I’d say a similar thing about recently announced plans by Major League Baseball to test, basically, its entire workforce. Yes, this is not a random set of people. But if they really get to something close to universal, we can at least have a really good understanding of how the sample is selected.



Most people agree that random or universal testing is the best approach. But it’s also very hard to execute. Identifying a random sample of people and testing them is much, much more challenging than testing what we’d call a “convenience sample”—people whom it is easy to find and access. Let’s say you are a governor and you want to test your population randomly, either with mouth swabs or blood tests. You would need to send someone (the National Guard? nurses?) to people’s houses to ask them to give blood or have a swab stuck deep into their nose. A lot might say no. People will complain! Beyond this, it is well known that survey response varies with age, race, and ethnicity, which would be a problem for a random sample. It’s a logistical mess.



Given how hard this is, you might be tempted to think: Well, some data is better than no data. I’ll do something easier—maybe set up a mobile testing site and encourage people to come—and at least I’ll learn something.



This thinking is really problematic. Put simply: If we do not understand the biases in our sampling, the resulting data is garbage. One recent frustrating example of this is a large National Institutes of Health study that aims to do antibody testing among 10,000 volunteers to measure the prevalence of undetected infections. Volunteers are being solicited in various ways, like over Twitter and with other public postings.
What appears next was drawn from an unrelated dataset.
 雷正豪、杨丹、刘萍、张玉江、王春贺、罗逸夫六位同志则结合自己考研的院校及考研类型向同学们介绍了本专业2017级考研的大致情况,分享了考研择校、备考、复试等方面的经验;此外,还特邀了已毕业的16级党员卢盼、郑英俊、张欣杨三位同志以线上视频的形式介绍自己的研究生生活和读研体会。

People are asked to email the NIH to enroll, at which point they may be sent a home test kit.



Anthony Fauci has suggested that this will give us a “clearer picture of the true magnitude of the COVID-19 pandemic in the United States.” But it will not! It will give a clear picture of the magnitude among people who, say, scroll Twitter for opportunities to be in studies like this. Are these people more or less likely to have had COVID-19? I have no idea. Maybe you pull more people who know they’ve been exposed (higher prevalence), or maybe you pull people who are more careful about exposure (lower prevalence). Maybe it’s a weird mix of both. We simply do not know. We’ll get some number out of this, and it will be completely uninterpretable.



This is worse than nothing, since people will think that they’ve learned something.
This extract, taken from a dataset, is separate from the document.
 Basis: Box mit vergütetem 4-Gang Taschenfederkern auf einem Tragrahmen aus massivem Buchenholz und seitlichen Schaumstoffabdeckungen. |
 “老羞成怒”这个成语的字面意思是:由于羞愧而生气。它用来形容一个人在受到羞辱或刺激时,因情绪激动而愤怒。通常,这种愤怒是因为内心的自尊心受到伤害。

I have similar problems with testing blood donors as a measure of prevalence. Yes, it’s convenient. But it’s not going to tell us anything broadly useful.



What to do? I’m afraid that despite how hard it is, we simply have no choice but to do better sampling when we test. As someone who is trying to get some random testing off the ground in various populations, I can attest to the many, many challenges of doing so. But it is worthwhile. We need to do this.



What can you do, other than tell all your friends that random testing is great? By far the most important: If someone shows up at your door and tells you you’ve been randomly selected for testing, please, please consent.